Catastrophic individuals have low spending in the year prior to entering the top decile. Individuals with acute events (e.g., acute myocardial infarction and hip/pelvic fracture) as well as certain cancers and stroke were more likely to be in this group. The catastrophic group had the most hospital days and few (20–21%) remain in the top decile year to year. There is little opportunity to predict when or why catastrophic individuals will shift into the top decile. Thus, managing high-cost catastrophic patients will require increased patient education and intensive short-term care management.

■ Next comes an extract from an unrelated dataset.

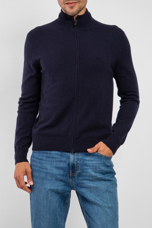 Мужской темно-синий кашемировый кардиган от Scabal (Скабал). Воротник-стойка, застежка-молния, классическая длина, манжеты и нижний край в рубчик.

Most persistent individuals (62–64%) remain in the top decile year to year. The results of the multinomial logistic model on members with the persistent spend support the rules we used to segment this group, which focus on drug usage and ESRD. This stability suggests the need for longitudinal, comprehensive care plans, such as physician-led interdisciplinary teams to provide complex primary and palliative care, as well as home- and community-based services that address behavioral and social determinants of health.33 Persistent individuals had significantly more medications than other subgroups; medication management (detecting, resolving, and preventing medication errors and medication-related problems) could be an avenue to reducing cost.34


Our findings are conditioned by several limitations. Our analytic approach provides an incomplete picture of an individual’s health because we analyze only medical claims from fee-for-service plans. These data do not provide contextual information such as cognitive abilities, social support needs, and lifestyle characteristics that play a critical role in healthcare costs. Fee-for-service plans provide itemized data for each service which makes for easier analysis but do not represent all Medicare members. Our results are limited by the requirement of continuous enrollment, which biases our sample toward a population with lower mortality and morbidity than the general MA population. We originally excluded the 3–5% of individuals who died annually between 2016 and 2019, a choice informed by other studies.35 Including full years of data for individuals dying in later years, the spending threshold of the top decile increases by 15–18%, and ~ 30% of top decile spenders in 2017 die before the end of 2019. We did not consider including partial years, as spending can be time-dependent, given factors such as deductibles and out of pocket maximums, and risks unevenly weighing data. Our data are skewed by a predominantly white sample with a limited representation of other races. In 2019, the racial distribution of the US population aged 65+ was 76% White, 9% Hispanic, 9% Black, 5% Asian, and 1% Native American.36 Our sample is also geographically biased because the requirement for fee-for-service and MAPD enrollment inherently over- and underrepresents different states. Future work should prioritize more diverse, representative samples.


Our findings are highly applicable to payers, accountable care organizations, and capitated models which have an interest in better understanding and managing the care needs of their most expensive enrollees. To this end, stratification into catastrophe, semi-persistent, and persistent subgroups introduces a useful perspective into how those needs differ.